The PEOPLE, Plaintiff and Respondent, v. Gary Wayne SMITH, Defendant and Appellant.

Crim. 13214.

Decided: July 23, 1982

Quin A. Denvir, State Public Defender, under appointment by the Court of Appeal, Handy Horiye, Deputy State Public Defender, and Palma Hooper, Panel Atty., San Diego, for defendant and appellant. George Deukmejian, Atty. Gen., Robert H. Philibosian, Chief Asst. Atty. Gen., Daniel J. Kremer, Asst. Atty. Gen., Bernard A. Delaney, Jr., and Robert M. Foster, Deputy Attys. Gen., for plaintiff and respondent.

Gary Wayne Smith appeals a judgment entered on jury verdicts convicting him of two counts of robbery (Pen.Code, § 211) 1 and one count of attempted robbery (§ 664).   The jury also found Smith personally used a dangerous or deadly weapon in commission of one robbery (§ 12022, subd. (b)) and personally inflicted great bodily injury (§§ 12022.7 and 1203.075, subd. (a)(3)).   He claims juror misconduct, inadequate assistance of counsel and sentencing error require reversal of the judgment.   Because we have concluded his contentions are without merit, we affirm the judgment.

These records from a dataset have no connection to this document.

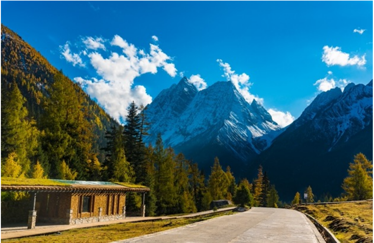
ฤดูใบไม้ร่วง (AUTUMN)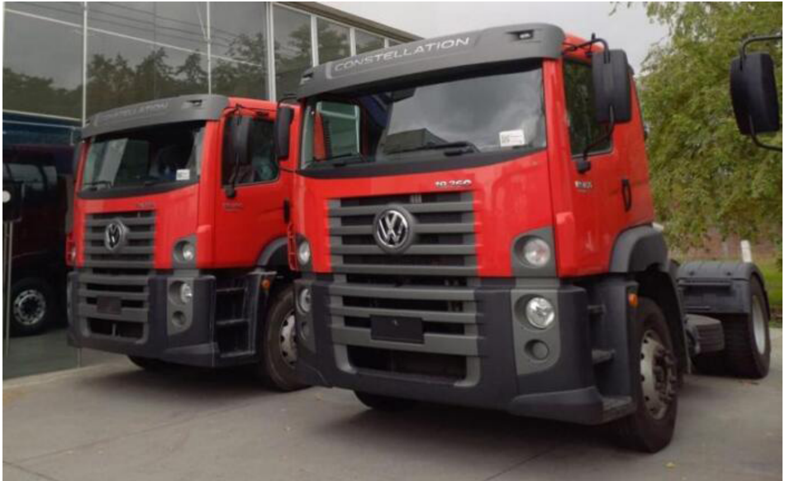
Los vehículos bomberiles adquiridos para el Huila han generado controversia debido a su adecuación y entrega.

Departamental de los Cuerpos de Bomberos del Huila, expresó su descontento con la situación: “Nos sentimos insatisfechos porque el gobierno dice que ejecutará el contrato tal y como fue dise-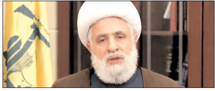
इजरायल के साथ सीधी बातचीत की संभावना नहीं: हिजबुल्लाह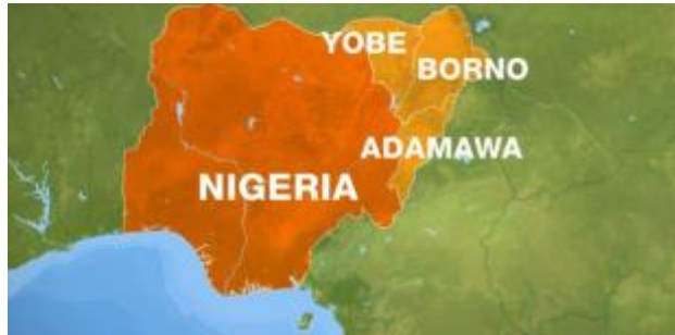
Figuur 6: Nigeria en Borno, Yobo en Adamawa. De gebieden waar Boko Haram het sterkst was

bepaald geldbedrag wilde de regering soms alle acties van Boko Haram wel onder het tapijt vegen. Deze afwezigheid van contraterrorisme heet coöptatie, hier wordt samengewerkt met de terroristische organisatie voor bijvoorbeeld geld. 34

 The October 23 Robbery and Attempted Robbery

Shortly before midnight on October 23, 1980 Benedict Woitas and Susan Kibbey left a saloon and were walking to Woitas' car in the parking lot when they were approached by Smith and asked if they would like to buy drugs.   They refused and proceeded to Woitas' car.   Clyde Allen asked Woitas if he wanted to buy some marijuana.   Woitas again refused.   Allen put his hand in his jacket, telling Woitas he had a gun.   He told Smith, who was approaching the passenger side of the car where Kibbey was seated, to “get the lady's money.”   Allen took a five dollar bill and four one dollar bills from Woitas and tried to take his wrist watch and a gold chain around his neck.

When a police car pulled into the parking lot, Allen ran away.   Smith walked past the police car.   Officer Foster told him to stop but he continued walking, saying “I'm not a part of that.”   Smith disappeared around the corner of the building.   Foster caught Allen and arrested him.   A five dollar bill and four one dollar bills were found in Allen's shoes.

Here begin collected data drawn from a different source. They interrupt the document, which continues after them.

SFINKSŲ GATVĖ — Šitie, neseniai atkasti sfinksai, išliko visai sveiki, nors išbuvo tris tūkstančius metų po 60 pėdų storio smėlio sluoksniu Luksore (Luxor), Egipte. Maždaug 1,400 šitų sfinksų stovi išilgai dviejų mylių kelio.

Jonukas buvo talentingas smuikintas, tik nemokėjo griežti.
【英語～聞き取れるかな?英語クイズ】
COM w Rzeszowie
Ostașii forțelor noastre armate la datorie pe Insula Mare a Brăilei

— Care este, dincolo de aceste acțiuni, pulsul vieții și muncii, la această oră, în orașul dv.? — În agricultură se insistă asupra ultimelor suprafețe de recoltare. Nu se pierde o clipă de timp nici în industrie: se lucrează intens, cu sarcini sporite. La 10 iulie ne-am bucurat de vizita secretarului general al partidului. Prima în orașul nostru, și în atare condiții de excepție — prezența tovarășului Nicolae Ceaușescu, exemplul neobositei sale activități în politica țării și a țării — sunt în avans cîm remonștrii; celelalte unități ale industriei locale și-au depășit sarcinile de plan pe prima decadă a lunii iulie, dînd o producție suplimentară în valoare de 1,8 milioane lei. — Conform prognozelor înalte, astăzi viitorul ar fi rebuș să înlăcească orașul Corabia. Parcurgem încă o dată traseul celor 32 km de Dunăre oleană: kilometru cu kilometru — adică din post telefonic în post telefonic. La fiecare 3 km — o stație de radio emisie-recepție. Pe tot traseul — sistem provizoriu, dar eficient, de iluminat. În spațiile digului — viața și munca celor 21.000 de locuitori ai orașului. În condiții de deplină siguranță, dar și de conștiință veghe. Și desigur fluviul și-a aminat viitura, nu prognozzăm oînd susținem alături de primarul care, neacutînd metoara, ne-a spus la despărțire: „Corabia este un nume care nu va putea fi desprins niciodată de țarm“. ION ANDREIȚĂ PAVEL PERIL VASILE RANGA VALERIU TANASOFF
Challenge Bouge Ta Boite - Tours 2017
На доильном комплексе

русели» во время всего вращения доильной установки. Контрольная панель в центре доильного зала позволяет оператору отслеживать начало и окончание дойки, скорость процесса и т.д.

Four days later, Woitas picked out Smith's picture in a photographic lineup, stating “This could be him.”   Kibbey could not identify either Smith or Allen from the photographic lineup.   Both she and Woitas recognized Smith while he was walking with two other black males in the hallway before Allen's preliminary hearing.   Woitas, Kibbey and Foster identified Smith at trial.

 The November 6, 1980 Robbery

Yellow Cab number 814 was stolen at about 9:15 p. m. on November 6, 1980, while parked in front of the Oasis Bar at 32nd and Market Streets in San Diego.   About 45 minutes later, the cab approached Marcel Celis, who was waiting for a cab in front of the Hanalei Hotel.   One of the two black males in the front seat asked Celis if he needed a taxi.   Celis got into the cab and asked to be taken to the airport.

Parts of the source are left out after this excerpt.